Code intelligence data is available via the `metadata.format` field as a `FormatMetadata::Code` variant containing a `ProcessResult`.
```rust
use kreuzberg::{extract_file_sync, ExtractionConfig, TreeSitterConfig, TreeSitterProcessConfig};
fn main() -> kreuzberg::Result<()> {
let config = ExtractionConfig {
tree_sitter: Some(TreeSitterConfig {
process: TreeSitterProcessConfig {
structure: true,
imports: true,
exports: true,
comments: true,
docstrings: true,
..Default::default()
},
..Default::default()
}),
..Default::default()
};
let result = extract_file_sync("app.py", None, &config)?;
// Access code intelligence from format metadata
if let Some(kreuzberg::types::FormatMetadata::Code(ref code)) = result.metadata.format {
println!("Language: {}", code.language);
println!("Functions/classes: {}", code.structure.len());
println!("Imports: {}", code.imports.len());
for item in &code.structure {
println!(" {:?}: {:?} at line {}", item.kind, item.name, item.span.start_line);
}
for chunk in &code.chunks {
println!("Chunk ({} bytes): {}...", chunk.content.len(), &chunk.content[..50.min(chunk.content.len())]);
}
}
Ok(())
}
```
Requires the `tree-sitter` feature flag (included in `full`).
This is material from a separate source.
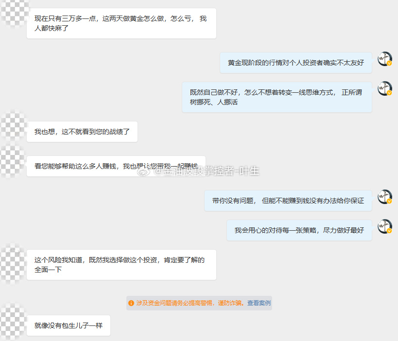 刚刚跟粉丝朋友聊天,其中他的一段经历我觉得有必要在博文当中跟提醒大家一下,随着时间的推移我们还有不到两个多月的时间,就迎来我们的新年春节。我知道在仅剩的时间内,许多投资者都想赚到丰厚的成果,来改善自己的生活品质,往往在这个时候一些宵小之辈会抓住你们想要丰厚成果的想法,从而用华丽的文字和巨额的收获引诱你,进入早已准备好的陷阱之中。对于不了解其中内情的你,可能觉得这次是天载难逢的机会,这次是你以小资金来撬动巨额收益的机会,当你还沉浸在能够获利巨额收益的喜悦中时,而背后的推手却在将你一步一步的推入亏损的深渊。叶生团队在此提醒大家,做投资要认准有资质且有实力的平台,至于那些连牌照都没有的平台,该断的就尽快断掉吧,以免到时候给自己整出来大麻烦来。我司合作推广的ATFX平台,别看我不经常把平台的名字在微博上公布,但你们可以通过你所知的任何一个查询渠道,来进行查询平台的资质和牌照。因为平台有给我底气,让我不惧任何人的猜疑,这也是为什么我不经常在博文中分享的原因。金价 黄金-叶生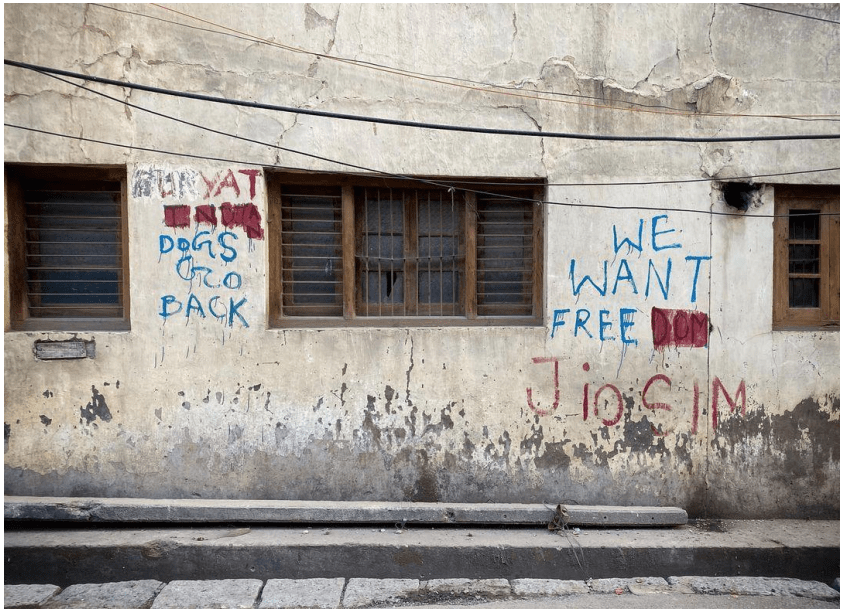 This photograph depicts a wall that was once covered in political graffiti stating “We want Freedom,” which has now been painted over by state forces in a haphazard manner using a blue colour. The painted-over phrase now reads “We want free Jio SIM,” suggesting a mocking and dismissive approach taken by the forces to the original message. The image highlights the suppression of political expression and the use of state power to silence opposing voices, thereby questioning the notion of freedom of speech and the government’s disregard for it. The act of painting over the graffiti appears to be an attempt to trivialize the demands of the protestors and their grievances, which only perpetuates the conflict and reinforces their struggle for civil rights.

See the [Kreuzberg docs](https://docs.kreuzberg.dev/) for configuration details and examples in all languages.
## Features
The crate uses feature flags for optional functionality:
```toml
[dependencies]
kreuzberg = { version = "4.0", features = ["pdf", "excel", "ocr"] }
```
### Available Features
| Feature | Description | Binary Size |
| -------------------- | -------------------------- | ----------- |
| `pdf` | PDF extraction (pure Rust) | +2MB |
| `excel` | Excel/spreadsheet parsing | +3MB |
| `office` | DOCX, PPTX extraction | +1MB |
| `email` | EML, MSG extraction | +500KB |
| `html` | HTML to markdown | +1MB |
| `xml` | XML streaming parser | +500KB |
| `archives` | ZIP, TAR, 7Z extraction | +2MB |
| `ocr` | OCR with Tesseract | +5MB |
| `language-detection` | Language detection | +100KB |
| `chunking` | Text chunking | +200KB |
| `quality` | Text quality processing | +500KB |
### Feature Bundles
```toml
kreuzberg = { version = "4.0", features = ["full"] }
kreuzberg = { version = "4.0", features = ["server"] }
kreuzberg = { version = "4.0", features = ["cli"] }
```
## PDF Support
Kreuzberg uses **pdf_oxide** — a pure-Rust PDF library with no system dependencies.
Enable PDF extraction with the `pdf` feature:
```toml
[dependencies]
kreuzberg = { version = "5.0", features = ["pdf"] }
```
No native libraries required. Works on all platforms including musl, Docker, and WASM.
## Documentation
**[API Documentation](https://docs.rs/kreuzberg)** Complete API reference with examples
**[https://docs.kreuzberg.dev](https://docs.kreuzberg.dev)** User guide and tutorials
## License
Elastic License 2.0 (ELv2) - see [LICENSE](../../LICENSE) for details.